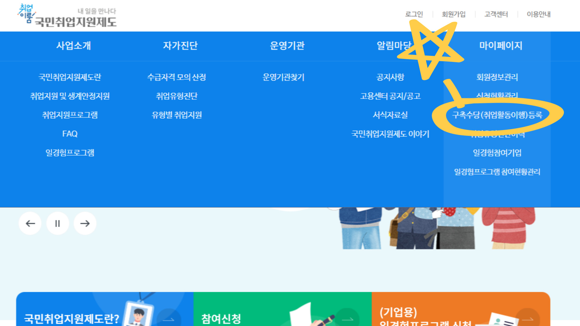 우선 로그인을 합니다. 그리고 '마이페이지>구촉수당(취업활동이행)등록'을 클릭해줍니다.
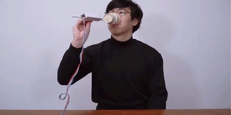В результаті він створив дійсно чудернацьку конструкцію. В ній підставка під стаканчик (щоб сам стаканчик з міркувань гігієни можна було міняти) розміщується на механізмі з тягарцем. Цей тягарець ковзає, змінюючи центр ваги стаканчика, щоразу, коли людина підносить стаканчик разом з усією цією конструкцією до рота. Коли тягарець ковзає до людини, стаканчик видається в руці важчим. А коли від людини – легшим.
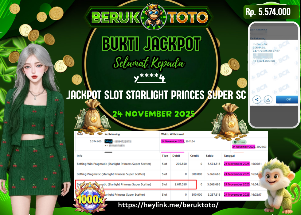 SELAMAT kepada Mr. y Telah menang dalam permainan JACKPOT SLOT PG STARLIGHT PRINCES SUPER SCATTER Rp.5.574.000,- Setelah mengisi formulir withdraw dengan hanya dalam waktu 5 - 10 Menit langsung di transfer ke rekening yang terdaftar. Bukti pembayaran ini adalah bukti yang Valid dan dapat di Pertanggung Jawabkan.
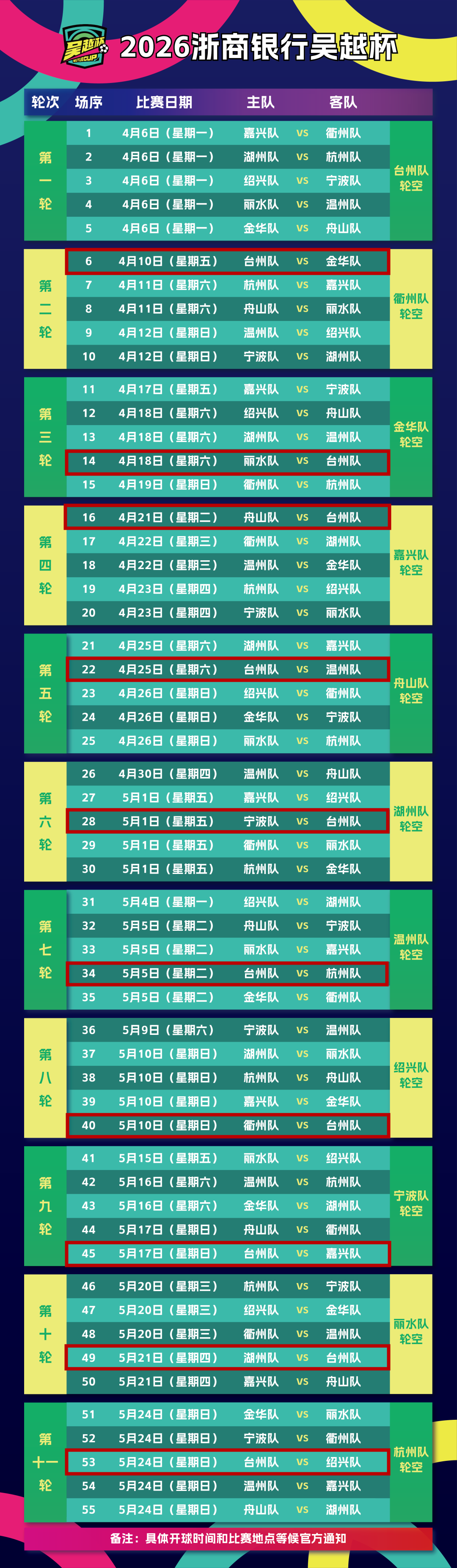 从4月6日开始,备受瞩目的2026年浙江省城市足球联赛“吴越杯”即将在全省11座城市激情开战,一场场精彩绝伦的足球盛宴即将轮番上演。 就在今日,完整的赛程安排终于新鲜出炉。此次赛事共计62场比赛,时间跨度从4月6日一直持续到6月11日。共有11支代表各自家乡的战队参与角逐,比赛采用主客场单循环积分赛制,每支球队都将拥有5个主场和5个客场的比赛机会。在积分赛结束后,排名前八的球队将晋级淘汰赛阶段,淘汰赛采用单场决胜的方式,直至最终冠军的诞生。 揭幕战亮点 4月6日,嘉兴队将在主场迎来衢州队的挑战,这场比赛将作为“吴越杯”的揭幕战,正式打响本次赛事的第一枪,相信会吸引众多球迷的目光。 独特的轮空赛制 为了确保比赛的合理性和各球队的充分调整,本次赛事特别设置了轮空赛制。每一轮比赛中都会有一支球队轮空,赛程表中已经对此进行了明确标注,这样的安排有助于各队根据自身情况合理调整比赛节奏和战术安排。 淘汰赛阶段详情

* * *

What you are asked to do: Return the listing above unaltered, omitting its pictures.

Response area:
 우선 로그인을 합니다. 그리고 '마이페이지>구촉수당(취업활동이행)등록'을 클릭해줍니다.
В результаті він створив дійсно чудернацьку конструкцію. В ній підставка під стаканчик (щоб сам стаканчик з міркувань гігієни можна було міняти) розміщується на механізмі з тягарцем. Цей тягарець ковзає, змінюючи центр ваги стаканчика, щоразу, коли людина підносить стаканчик разом з усією цією конструкцією до рота. Коли тягарець ковзає до людини, стаканчик видається в руці важчим. А коли від людини – легшим.
 SELAMAT kepada Mr. y Telah menang dalam permainan JACKPOT SLOT PG STARLIGHT PRINCES SUPER SCATTER Rp.5.574.000,- Setelah mengisi formulir withdraw dengan hanya dalam waktu 5 - 10 Menit langsung di transfer ke rekening yang terdaftar. Bukti pembayaran ini adalah bukti yang Valid dan dapat di Pertanggung Jawabkan.
 从4月6日开始,备受瞩目的2026年浙江省城市足球联赛“吴越杯”即将在全省11座城市激情开战,一场场精彩绝伦的足球盛宴即将轮番上演。 就在今日,完整的赛程安排终于新鲜出炉。此次赛事共计62场比赛,时间跨度从4月6日一直持续到6月11日。共有11支代表各自家乡的战队参与角逐,比赛采用主客场单循环积分赛制,每支球队都将拥有5个主场和5个客场的比赛机会。在积分赛结束后,排名前八的球队将晋级淘汰赛阶段,淘汰赛采用单场决胜的方式,直至最终冠军的诞生。 揭幕战亮点 4月6日,嘉兴队将在主场迎来衢州队的挑战,这场比赛将作为“吴越杯”的揭幕战,正式打响本次赛事的第一枪,相信会吸引众多球迷的目光。 独特的轮空赛制 为了确保比赛的合理性和各球队的充分调整,本次赛事特别设置了轮空赛制。每一轮比赛中都会有一支球队轮空,赛程表中已经对此进行了明确标注,这样的安排有助于各队根据自身情况合理调整比赛节奏和战术安排。 淘汰赛阶段详情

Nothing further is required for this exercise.